Correlations were compared using the cocor package [34]. Gene Ontology (GO) analyses were conducted using the goseq, org.Mm.e.g.,db, and org.Sc.sgd.db packages and Bioconductor [35,36]. GO annotations were analyzed for the three Gene Ontology domains (Biological Process, Molecular Function, and Cellular Component). The background genes for GO analysis were limited to the genes in the analysis (e.g., genes in the RNA-seq data with PPI hub scores) and conducted using the Benjamini–Hochberg false discovery rate correction as described previously [7].

Results

3.1 Determining F* and its independence from gene expression levels

Previously, SC RNA-seq data from mouse ESG1 cells were used to develop F*, a metric of gene expression variability designed to be independent of expression level. Genes with low F* were enriched for characteristics typically associated with high expression—for example, GO terms related to translation and ribosome function [6]. To confirm this, GO analyses of the genes that are highly expressed in the SC ESG1 RNA-seq data set were conducted and showed that highly expressed genes were enriched for translation- and ribosome-associated GO terms (Supplemental Table 1 in S1 File), overlapping with those enriched among genes with low F* (Supplemental Tables 1 and 2 in S1 File).

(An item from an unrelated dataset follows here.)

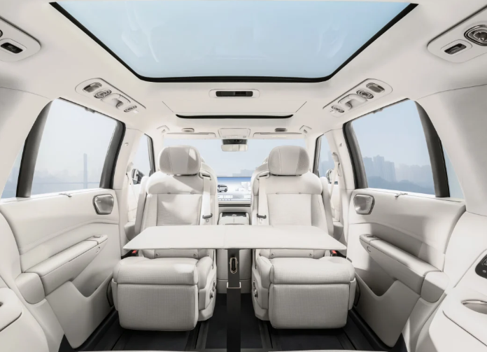 空间上,领克900充分考虑家庭用户对空间的多元需求。车长5240mm,轴距3160mm,实现同级最高88.2%得房率,内部空间达6.16平米,人均超1平米,为乘客营造了宽敞舒适的乘坐环境。它打破了传统6座SUV空间分配不合理的弊端,第三排座椅设计宽敞,坐垫长度近1.1米,腿部空间1米多,能让不同身材的乘客都舒适乘坐。车内配备的双180度电动旋转座椅,提升了空间使用的灵活性。二排座椅向后180°旋转与三排面对面时,中间最大间距1.7m,可变成“移动会客厅”或“云端工作室”;二排向外旋转90°,方便安装儿童座椅和老人上下车,照顾到每位家庭成员。

F* has also been found to correlate with PPI and mean pathway hub scores [6], suggesting that genes with more biological interactions at the protein level exhibit lower expression variability. Given that genes with low F* and high expression share GO terms, we examined the relationship between gene expression and PPI hub scores. Of 13,660 genes analyzed for expression, PPI hub score data were available for 5,553 genes. These genes tend to be more highly expressed than those lacking hub scores (Table 1).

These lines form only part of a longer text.